Como não tem mais dinheiro para negociar, o governo optou por afrouxar em questões delicadas como a escravidão, ignorando as críticas internas e externas contra a medida. Em resposta às críticas, o governo diz que a nova norma “aprimora e dá segurança jurídica à atuação do Estado”.
Na semana passada, Raquel entregou em mãos ao ministro do Trabalho, Ronaldo Nogueira, um ofício assinado por ela que reiterava pontos da recomendação do Ministério Público Federal e do Ministério Público do Trabalho para que o governo revogasse a portaria. No encontro com o ministro do Trabalho, a procuradora-geral externou a Nogueira o motivo de o Ministério Público acreditar que a portaria leva o país para um “retrocesso” no que diz respeito à política de combate ao trabalho escravo.

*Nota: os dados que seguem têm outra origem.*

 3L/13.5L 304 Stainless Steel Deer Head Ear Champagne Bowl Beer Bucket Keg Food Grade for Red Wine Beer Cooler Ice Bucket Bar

Nesta terça-feira, na abertura da sessão quinzenal do Conselho Nacional do Ministério Público – órgão comandado por Raquel Dodge –, dois conselheiros pediram a palavra para elogiar a iniciativa da procuradora-geral de se posicionar sobre o tema polêmico. Ao responder aos comentários dos dois colegas, Raquel Dodge agradeceu aos elogios e reafirmou sua avaliação de que a decisão do governo Michel Temer é um “retrocesso” no combate ao trabalho escravo.

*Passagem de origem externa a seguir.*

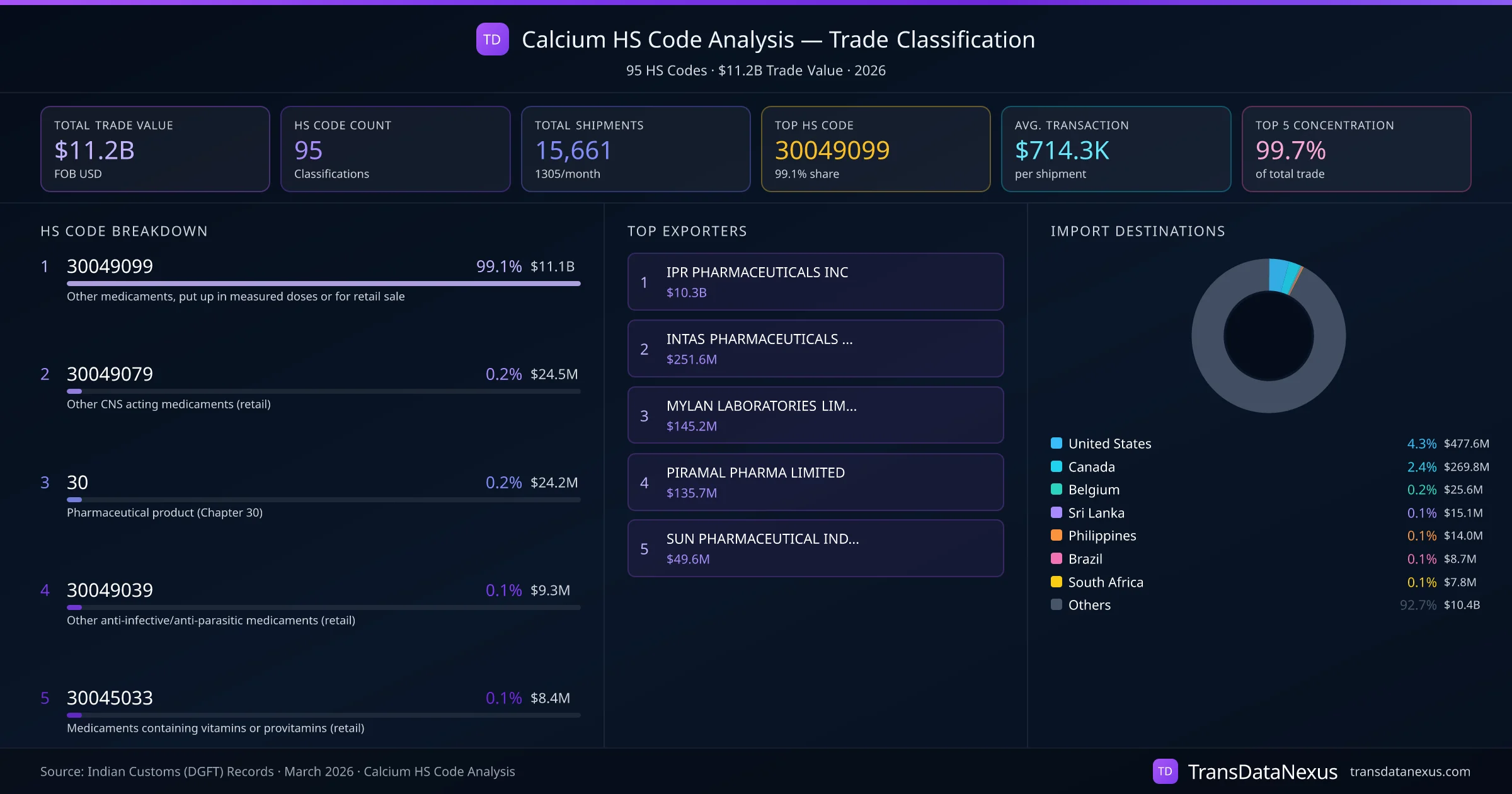 India exports Calcium under 95 distinct HS code classifications, representing a total trade value of $11.2B across 15,661 shipments. The dominant classification is HS 30049099 (Other medicaments, put up in measured doses or for retail sale), accounting for 99.1% of all Calcium trade at $11.1B. HS 30049079 (Other CNS acting medicaments (retail)) follows at 0.2% ($24.5M). The top 5 HS codes together account for 99.7% of total Calcium trade from India. The average transaction value is $714329. Key importing markets include United States, Canada, Belgium. Leading exporters include IPR PHARMACEUTICALS INC and INTAS PHARMACEUTICALS LIMITED. Data sourced from Indian Customs (DGFT) shipping bill records.

“Realmente, encaminhei ao ministro do Trabalho a recomendação conjunta assinada pelo Ministério Público Federal e Ministério Público do Trabalho que assinava que a adoção deste conceito de trabalho escravo pela portaria do Ministério do Trabalho viola a lei penal brasileira”, destacou a chefe da Procuradoria Geral da República.
“Eu acrescentei em minha manifestação de encaminhamento um outro argumento que é o que me parece mais substantivo quando estamos falando de enfrentar o trabalho escravo no Brasil: o trabalho escravo fere, sobretudo, a dignidade humana, e não apenas a liberdade humana”, enfatizou.
“Ofensa” à Constituição
Em meio a sua fala na sessão do CNMP, Raquel Dodge afirmou que a portaria do Ministério do Trabalho, além de contrariar o Código Penal, também fere diretamente dois artigos da Constituição.
Ela ainda levantou indiretamente a possibilidade de ingressar no STF (Supremo Tribunal Federal) com uma ação questionando a constitucionalidade da portaria do Ministério do Trabalho. A procuradora observou que embora haja dúvidas sobre a viabilidade de questionar a constitucionalidade de portarias governamentais, uma decisão recente da Suprema Corte abriu precedente para entrar com esse tipo de ação.
Na última quinta-feira (19), o partido Rede Sustentabilidade pediu que o Supremo declare inconstitucional a portaria do governo Temer que mudou as regras para fiscalização do trabalho escravo. Na ação, a legenda oposicionista afirma que houve desvio de poder na edição da medida.